The next step is to inform data about the presence of different entities and how missing gaps should be filled according to each entity. To do so, we use the by
command in Stata with the entity variable; firm, along with the previously used replace command.
This will specify Stata that different entities are present in data. Thus, it would generate the missing values for each entity with respect respective to that entity only.
bys firm: replace stock_price=stock_price[_n-1] if missing(stock_price)
Stata, thus, follows the instruction provided above, and fill missing gaps with correspondence to each entity. As shown in the following image, the starting values of entity 3 are missing from data source too. These missing values of entity 3 are now, not, filled by replacing previous values of entity 2.

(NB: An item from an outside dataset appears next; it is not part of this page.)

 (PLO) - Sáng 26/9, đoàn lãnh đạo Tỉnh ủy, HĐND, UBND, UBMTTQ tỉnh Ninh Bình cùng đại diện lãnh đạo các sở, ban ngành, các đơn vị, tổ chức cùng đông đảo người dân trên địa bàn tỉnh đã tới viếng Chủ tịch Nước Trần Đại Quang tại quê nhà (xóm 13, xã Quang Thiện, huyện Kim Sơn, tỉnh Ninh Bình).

Although we have filled missing values with respect to their entities, the issue of remaining missing values, who haven’t been replaced by their previous values, as in entity 3, still exists. This problem can be solved by following a few steps. First step is to sort the variables firm and year in ascending and descending order, respectively. To sort these variables, use the command given below
gsort firm -year
The reason we used negative sign “-” with year is because we are sorting it in descending order.
Once the variables are sorted in their respective manners, data will look like this
Now again, using the bys command can fill the missing values of entity 3 by using its previous values. Using the bys command
bys firm: replace stock_price=stock_price[_n-1] if missing(stock_price)
Carryforward Command in Stata
So far we have used the process of filling gaps with previous values either by using replace command in the data. However, there is one simple alternative to all this, which can replace the missing values with previous existing values. This alternative is known as carryforward
command in Stata. This command will carryforward non-missing values from one observation to the next, substituting the previous value for missing values. To use the carryforward command, it has to be installed in Stata using the following option, because carryforward command is not built-in Stata
ssc install carryforward
Once the command has been installed, it will be used to carryforward the previous values in the missing values. If as a precaution, we want to retain our original values, and use the carryforward command to fill missing values in a new column, the following command should be used
bys firm: carryforward stock_price,gen(cc)
However, if your requirement is not to generate a new column for filling the missing values, you can substitute the gen(cc) option from the above used command with the replace command, as shown in the command below
bys firm: carryforward stock_price, replace
All changing will be made in the already existing variable stock price
We still have starting missing value for entity 1 and ending missing values for entity 3. To fill these missing values, we again use the following command, as used earlier
gsort firm -year
Once the values are sorted in ascending or descending order, the carryforward command can be used to carry forward the previous values, and fill the gaps.
bys firm: carryforward stock_price, replace